Work order:
What are the lines from the one with "甲、乙两人分别从相距40千米" through the end of the records below, written out exactly and without the pictures?

Data to examine:
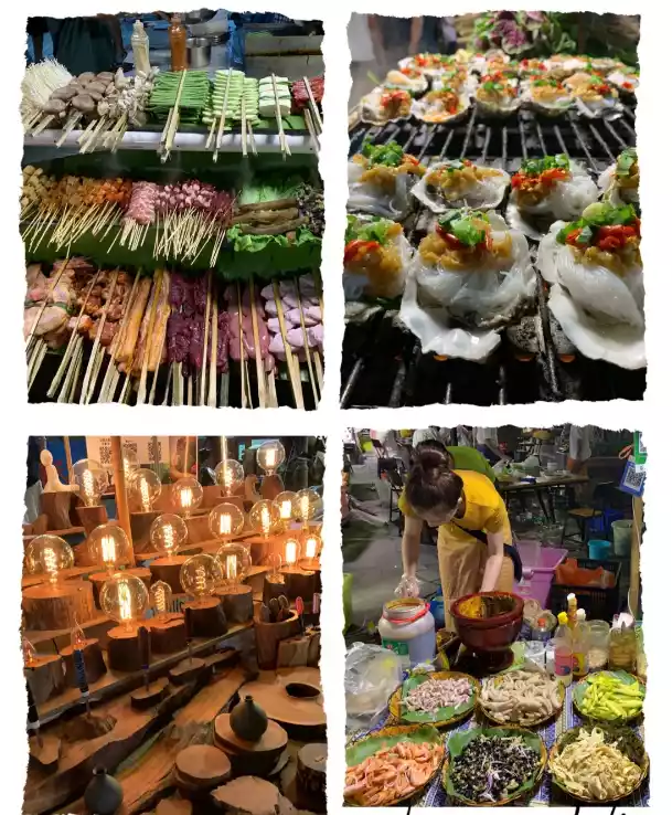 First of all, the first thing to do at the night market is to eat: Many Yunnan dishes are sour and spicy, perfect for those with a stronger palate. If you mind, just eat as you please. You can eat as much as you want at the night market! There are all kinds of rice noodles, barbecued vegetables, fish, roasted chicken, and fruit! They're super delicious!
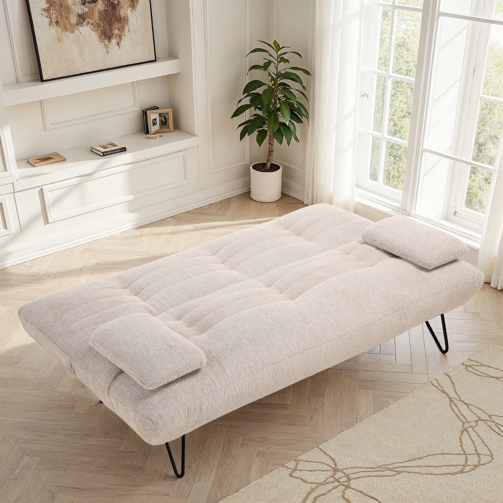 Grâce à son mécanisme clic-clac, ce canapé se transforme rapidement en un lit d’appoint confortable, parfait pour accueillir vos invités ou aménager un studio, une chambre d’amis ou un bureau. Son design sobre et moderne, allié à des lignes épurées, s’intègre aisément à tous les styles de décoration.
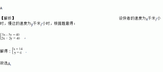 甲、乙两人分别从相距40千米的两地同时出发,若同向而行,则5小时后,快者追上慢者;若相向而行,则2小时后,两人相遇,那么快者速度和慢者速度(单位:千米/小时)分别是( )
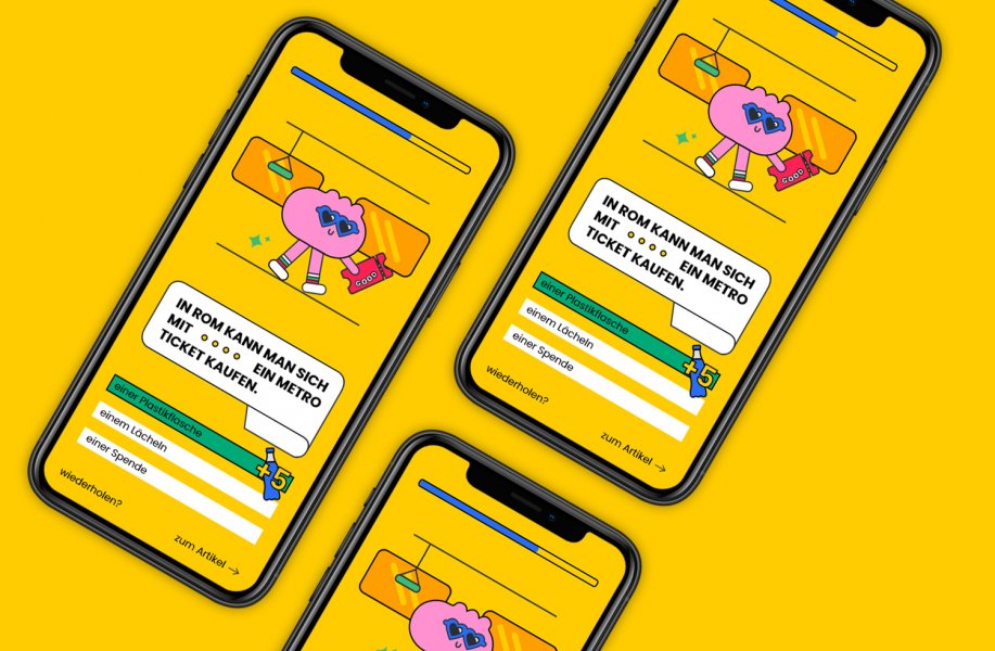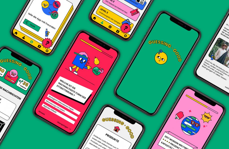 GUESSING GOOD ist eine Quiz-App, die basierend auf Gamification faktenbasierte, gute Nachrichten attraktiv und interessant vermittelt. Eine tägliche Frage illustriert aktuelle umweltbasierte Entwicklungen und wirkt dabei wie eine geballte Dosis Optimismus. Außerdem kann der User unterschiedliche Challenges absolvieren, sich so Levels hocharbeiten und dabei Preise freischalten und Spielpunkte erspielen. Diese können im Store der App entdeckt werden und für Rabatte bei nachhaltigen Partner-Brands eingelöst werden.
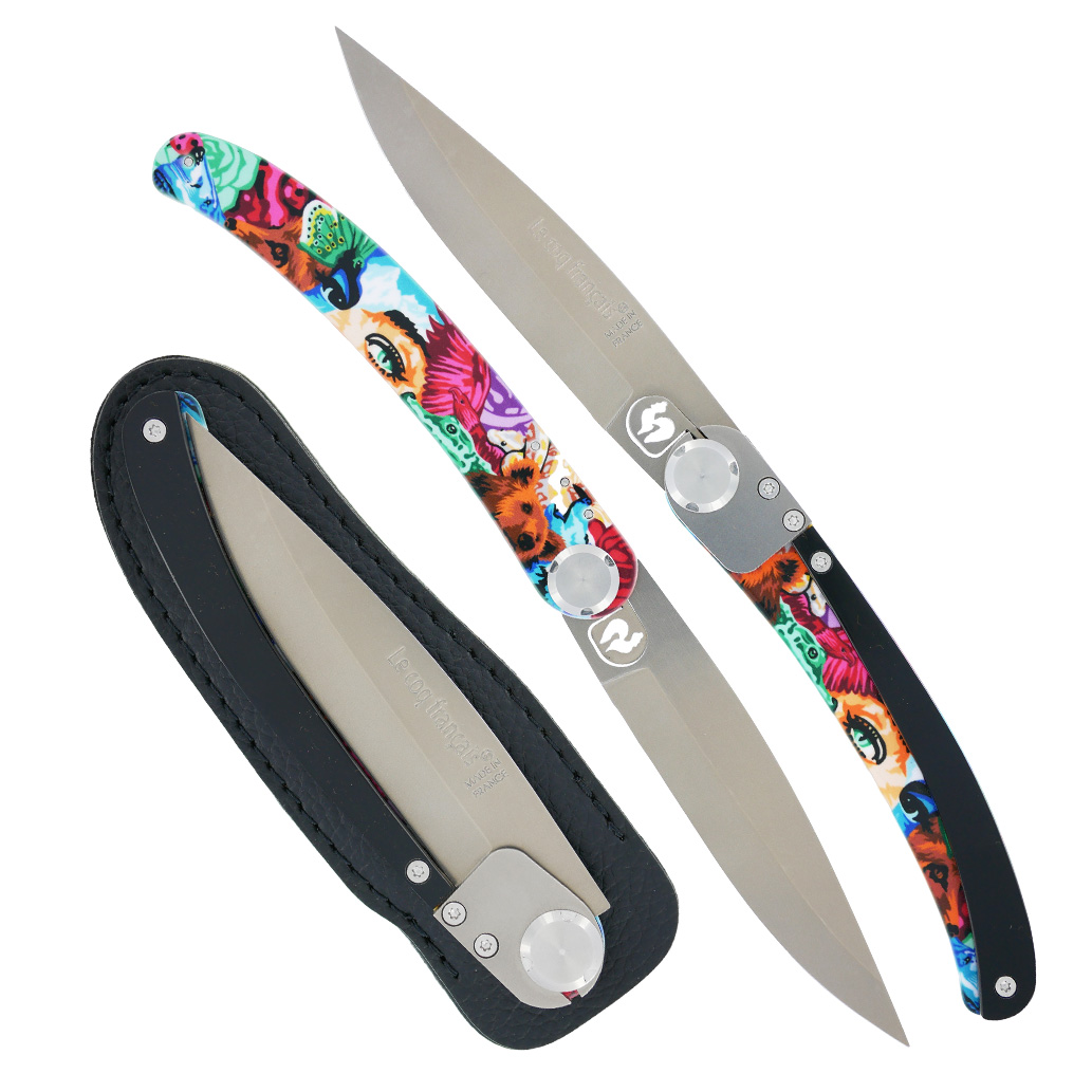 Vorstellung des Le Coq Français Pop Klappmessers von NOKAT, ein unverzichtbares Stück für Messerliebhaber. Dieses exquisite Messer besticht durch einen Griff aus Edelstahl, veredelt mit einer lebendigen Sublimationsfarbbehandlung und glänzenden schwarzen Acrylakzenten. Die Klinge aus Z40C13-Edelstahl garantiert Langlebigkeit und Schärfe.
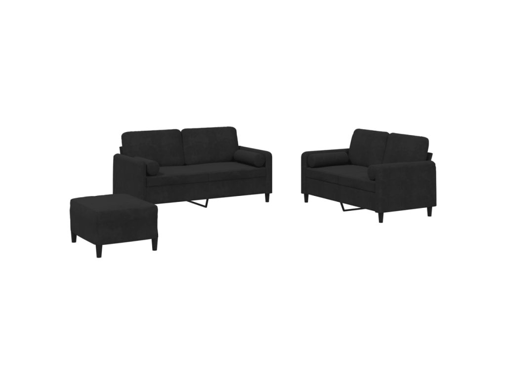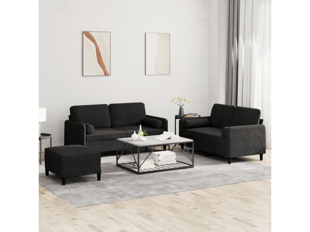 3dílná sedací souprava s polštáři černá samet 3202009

Written solution:
 甲、乙两人分别从相距40千米的两地同时出发,若同向而行,则5小时后,快者追上慢者;若相向而行,则2小时后,两人相遇,那么快者速度和慢者速度(单位:千米/小时)分别是( )
 GUESSING GOOD ist eine Quiz-App, die basierend auf Gamification faktenbasierte, gute Nachrichten attraktiv und interessant vermittelt. Eine tägliche Frage illustriert aktuelle umweltbasierte Entwicklungen und wirkt dabei wie eine geballte Dosis Optimismus. Außerdem kann der User unterschiedliche Challenges absolvieren, sich so Levels hocharbeiten und dabei Preise freischalten und Spielpunkte erspielen. Diese können im Store der App entdeckt werden und für Rabatte bei nachhaltigen Partner-Brands eingelöst werden.
 Vorstellung des Le Coq Français Pop Klappmessers von NOKAT, ein unverzichtbares Stück für Messerliebhaber. Dieses exquisite Messer besticht durch einen Griff aus Edelstahl, veredelt mit einer lebendigen Sublimationsfarbbehandlung und glänzenden schwarzen Acrylakzenten. Die Klinge aus Z40C13-Edelstahl garantiert Langlebigkeit und Schärfe.
 3dílná sedací souprava s polštáři černá samet 3202009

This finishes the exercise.